Keywords: Malware Detection*Graph Attention Networks*Dynamic Gating Mechanisms*Multi-Modal Fusion*Transfer Learning
TL;DR: This paper proposes DGSM-SCAM-GAT and MMT-ViT, two complementary models for robust malware detection via graph-based dynamic API analysis and multi-modal static feature fusion, achieving superior accuracy and F1-scores on benchmark datasets.
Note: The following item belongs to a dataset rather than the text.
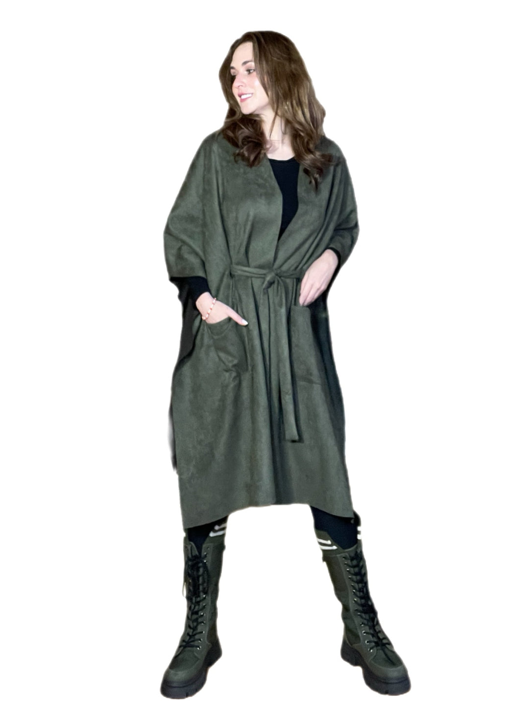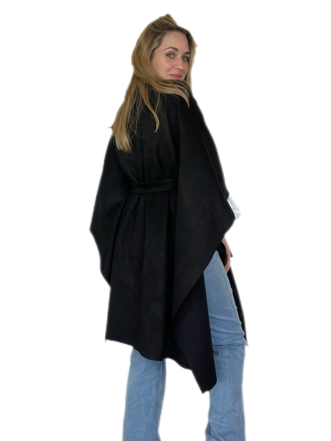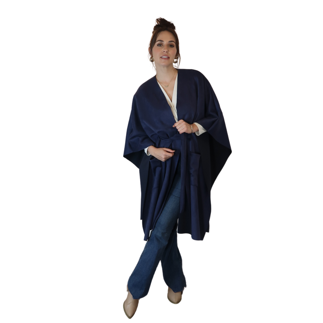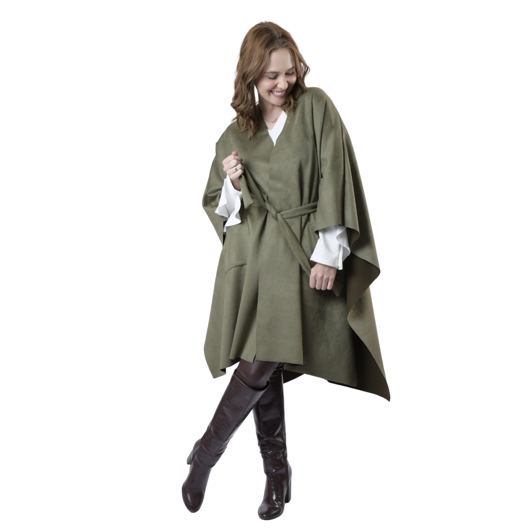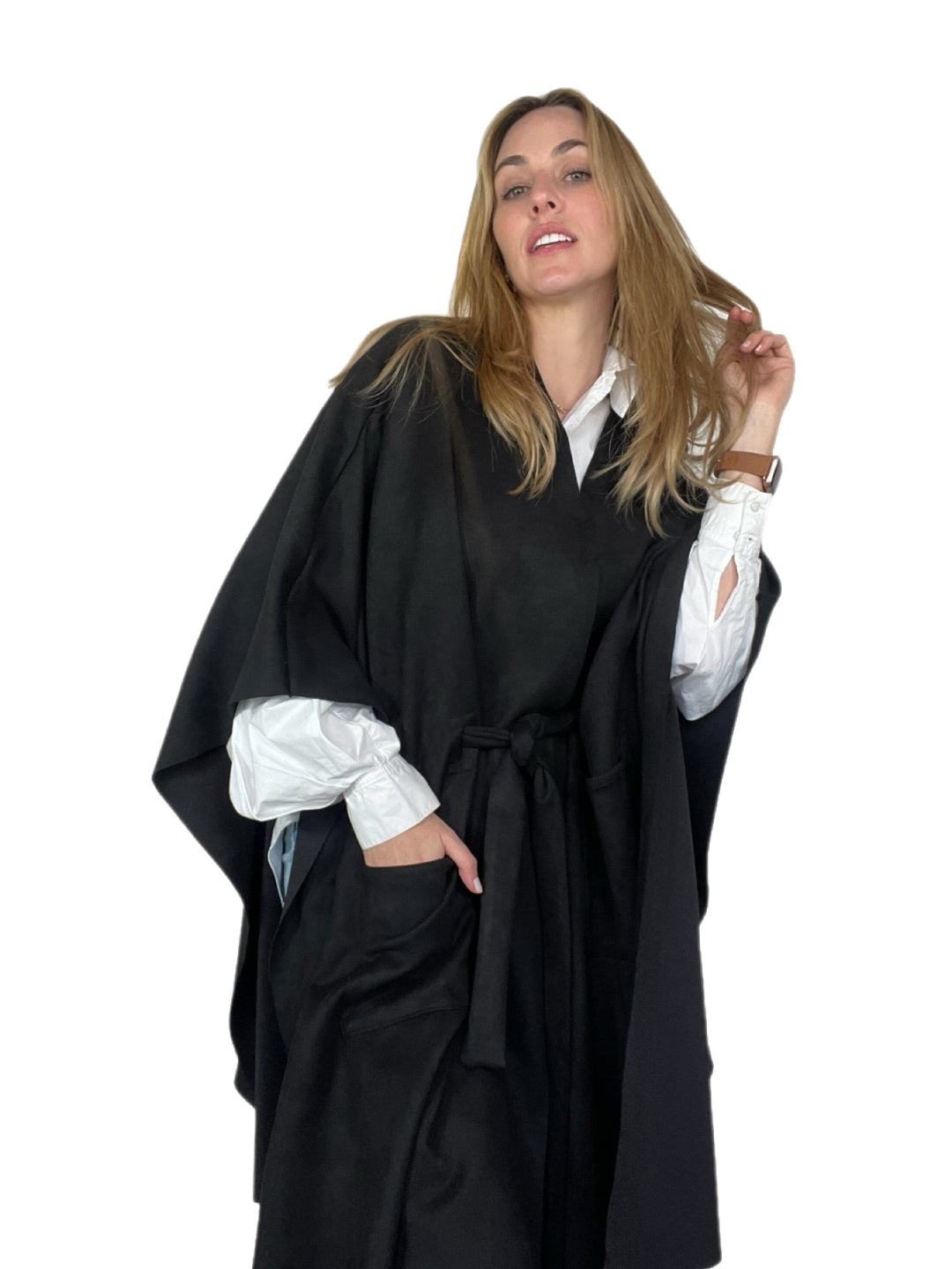 Abrigo Capa Fernanda, prenda 2 en 1 que se puede usar como abrigo clásico o capa sofisticada. Talla única que se adapta a diferentes cuerpos. Hecho en neopreno con acabado en gamuza sintética, suave y estructurado. Fajón removible para ajustar el estilo, con bolsillos funcionales para lo esencial. Ligero, cálido y perfecto para cambios de temperatura. Ideal para trabajo, eventos formales, viajes o el día a día. Disponible en colores básicos, fácil de combinar. Elegante y práctico para mujeres que buscan sofisticación sin esfuerzo.

Abstract: Malware detection encounters substantial challenges in real-time and multi-class tasks, as single-modality methods struggle to capture intricate behavioral patterns. To mitigate these limitations, we introduce two complementary models: DGSM-SCAM-GAT and MMT-ViT. The DGSM-SCAM-GAT model integrates dynamic gating, contextual aggregation mechanisms, and graph attention networks (GAT) to enhance temporal and structural modeling of API call sequences. Trained on a dynamic API call sequence dataset, it attains an accuracy of 99.31\% and an F1-score of 99.64\%, surpassing CNN-LSTM (accuracy: 98.92\%). The MMT-ViT model employs multi-modal attention mechanisms and the pre-trained ViT architecture to effectively fuse features from assembly instruction sequences, binary grayscale images, and binary wavelet sequence features. Evaluated on a public dataset, it achieves 99.54\% accuracy and 99.55\% F1-score, outperforming Malcse (accuracy: 98.94\%). Furthermore, ablation studies validate the critical contributions of individual modules, while comparative experiments underscore the superiority of our proposed models over state-of-the-art baselines. The detection frameworks developed in this study facilitate robust dynamic and static malware identification, with code available in the supplementary materials.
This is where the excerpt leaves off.